Долгое прощание - Клейман Борис Маркович 5 стр.


Утром, натирая спину деда спиртом и мазью, укутывая его собачьей шерстью и пуховым платком, Игорь пытался воспроизвести возможную цепь ассоциаций, однако ничего не удалось, кроме единственного вывода: криминалисты-графологи до сих пор не могут узнать руку автора "диплома". Хотя образцы письма и Нессельроде, и Геккерна, и Дантеса и многих-многих других сохранились. Теперь ясно почему: писали все. Шутники. Скучающая золотая плесень. "Убийство в восточном экспрессе". Все убийцы. Все приложили руку - и лицеисты, и университетчики, и друзья, и враги. Кто молчанием убил, кто просто скучал и, скучая, шутил. Кто-то из мести. Кто-то, чтобы скрыть свою любовную связь - флиртом с Натальей Николаевной. А ведь Пушкин второй раз наступил на те же грабли: в южной ссылке Воронцова подогревала влюблённость молодого поэта, чтобы скрыть свою любовь с Раевским. Кто бы написал сексуальную историю Российского бомонда пушкинских времён? Брачные дети - внебрачные, при муже с высоким положением - родить от другого... Брат, сестра, кузены-кузины, командир-полковник при молодой жене - преград никаких! Особливо для поручиков-кавалергардов. А Фёдор Толстой Американец, и вовсе с обезьяной сожительствовал. Что не помешало Пушкину просить его стать сватом у Гончаровой. Куда смотрела русская очень православная церковь? Тоже скучала? Ни собственная вера не останавливала, ни Синод. И всех вас гроб, зевая, ждёт. Зевай и ты.

И происхождения Идалии Полетики, Натальи Гончаровой (как мамы, так и дочки), канцлера Нессельроде Карла Васильевича весьма и весьма нечистоплотны с точки зрения блюстителей чистоты крови и веры. А уж если верны слухи, что Екатерина Великая произвела Павла от какого-то чухонца, то и род Романовых остался после этого лишь на бумаге. Вот он - демократический централизм: сверху донизу и снизу доверху. "Женись на ком хочешь, сынок, ничего. Не слушай отца, ты ведь сын не его". То-то в России так любят Роберта Бёрнса!

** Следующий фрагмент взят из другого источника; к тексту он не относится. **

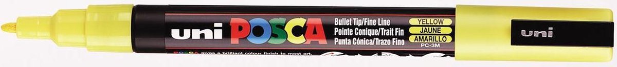 Merkstift op waterbasis en gepigmenteerde inkt. Schrijfbreedte: 1,5 mm. Ideaal om te schilderen, tekenen, schrijven en markeren op elk oppervlak. Met ondoorlatende, heldere kleuren. Dekkend, overschrijfbaar, mengbaar, waterbestendig, constant bij langdurige blootstelling aan licht en reukloos. Geschikt voor alle ondergronden. Permanent op poreuze oppervlakken.\\n\\ngeel

Мысли Игоря разбежались по дороге в Носово. Предстоящая "негоция" весьма его напрягала своей странностью и грязнотцой. Карамазовщиной и ставрогинщиной. И сам процесс, как ни представлял себе его Игорь, был тошнотворен и мерзок. "Потом зато женимся и всё забудем. В конце концов, античные греки не брезговали даже козами и овцами - и создали базис всей европейской культуры! Тем самым. Что "то самое" не стеснялись запечатлевать на своих греческих амфорах и горшках. Увековечивать. Грядущему веку в поучение и назидание. Так что и тебе не стоит вибрировать и трепетать, трепетный ты мой. Леви-Стросс описывал совокупление индейских девушек с трупами тотемных животных. Обряд инициации. Расслабься и получи удовольствие. Уговорил? Срамота. Нравственное гноилище. Я же не индеец. А зря...".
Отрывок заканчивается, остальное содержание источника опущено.